The recording industry won a key fight Thursday against illegal music downloading when a federal jury found a Minnesota woman shared copyrighted music online and levied $222,000 in damages against her.
I don't really have all that much sympathy for the giant record companies. Basically, my feeling is that this is comeuppance or karma payback for all the artists they have exploited/financially bitch slapped over countless years.
While it's a victory for them, I see it as a hollow victory. To put it into college football parlance (hey, why not), it's like a Division 1-AA team scoring a touchdown against the third-string players during the fourth quarter when they are already down 50 points. The business model the record companies have followed since who knows when is obsolete, and rather than innovate and look forward, they have chosen the route of suing their potential customers. Wow... brilliant. Burning bridges, much?
As for me, I make it a point to purchase music from new artists, as they are most likely broke.
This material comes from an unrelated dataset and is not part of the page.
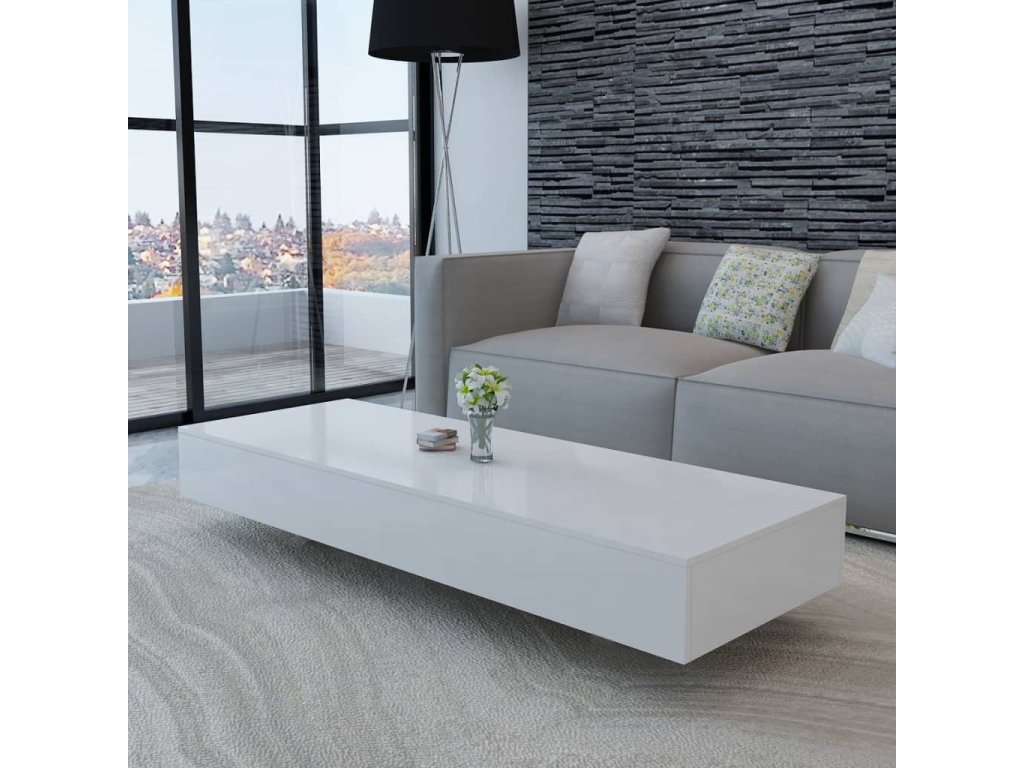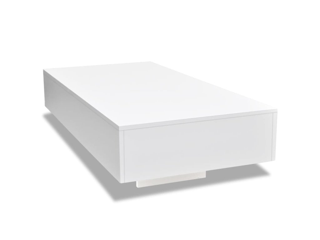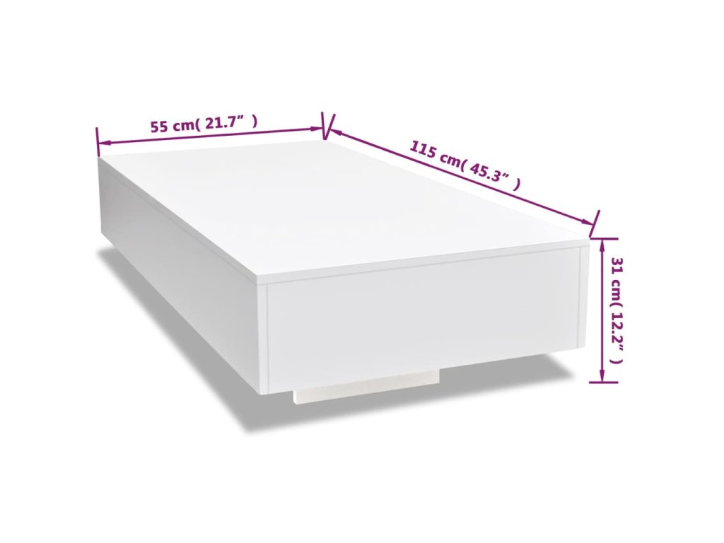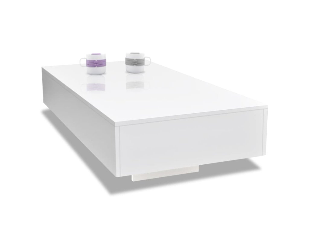 Tento obdélníkový konferenční stolek ve vysoce lesklé bílé barvě má moderní a elegantní vzhled a krásně doplní nábytek ve vašem domě. Může být použit jako konferenční stolek nebo jako odkládací stolek.

It's a tiny percentage of acts that ever make huge money, and if they are lucky enough to have been signed by a label, they are in a huge amount of debt before the record even comes out. If they have a decent agent, they get a 20% royalty rate from each album sale. However, from that 20%, they have to pay back all the recording costs, video production, touring, etc. The cards are completely stacked against them.
Record companies protecting the rights of artists? Bullshit. That's just spin. These are corporations that are simply protecting an outmoded business model that has no future.